新築マンションでは全ての入居者が入居前であるため購入前にわかりえないことも、中古マンションであれば、どんな管理体制にあるのか、隣人や他の居住者について、実際の状況を確認することができる点で安心です。
リノベーションで家づくり
中古マンションでは、自分好みにカスタマイズできる点も人気の一つとなっています。新築マンションでは、あらかじめ間取りが決まっており、必要のない設備まで備え付けられている場合も多々あります。

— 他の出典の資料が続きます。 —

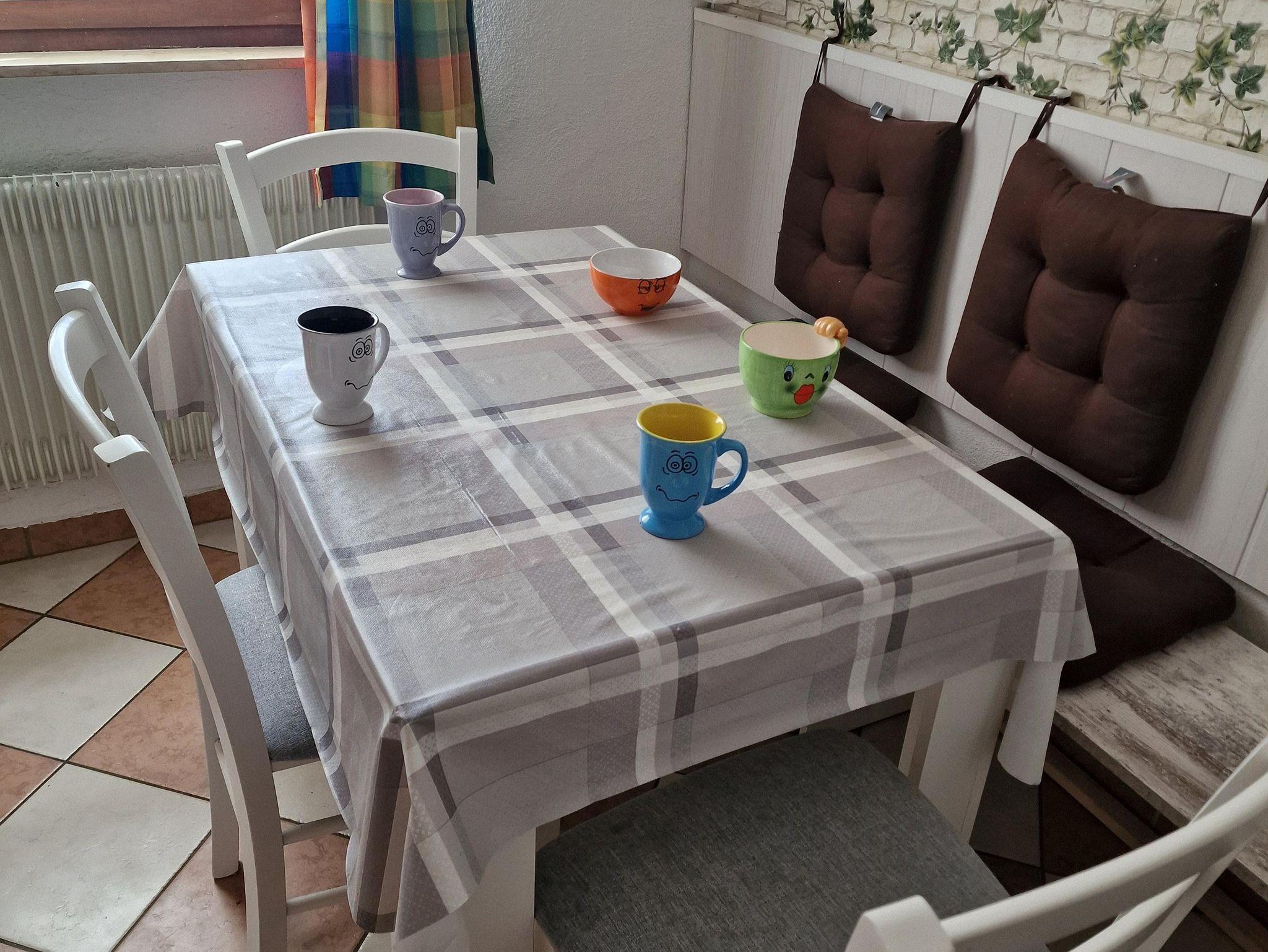 Am gemütlichen Essplatz können bis zu 7 Personen Platz finden, auch kann hier noch ein Kinderhochstuhl aufgestellt werden. Wenn für kleine Stubsnasen eine Erhöhung benötigt wird bitte anfragen.

中古マンションのリノベーションでは、堅固な構造はそのままに、室内の間取りや設備を自分好みに一新できるため、コストパフォーマンスのよい家づくりを楽しむことができます。
まとめ
中古マンションの魅力は、価格が安いこと、実際の建物や周辺環境を確認しながら購入判断ができること、そしてリノベーションで家づくりを楽しめることです。一方で、築年数などの建物の状態や管理状況などは1つ1つ異なりますから、二つとして同じ条件の物件はありません。
いいと思った物件は、速やかにチェックし購入判断をしなければ、魅力的な物件であるほど僅差で他の購入希望者に先取りされてしまうということもあります。優良な物件を見分けるポイントを抑えつつ、自分たちの優先順位をしっかり整理しておくことが、いい物件を購入できる鍵となるのです。
この記事で紹介したポイントに注意しながら、納得できる中古マンションを選びましょう。
※本記事の情報は、信頼できると判断した情報・データに基づいておりますが、正確性、完全性、最新性を保証するものではありません。法改正等により記事執筆時点とは異なる状況になっている場合があります。また本記事では、記事のテーマに関する一般的な内容を記載しており、より個別的な、不動産投資・ローン・税制等の制度が読者に適用されるかについては、読者において各記事の分野の専門家にお問い合わせください。(株)GA technologiesにおいては、何ら責任を負うものではありません。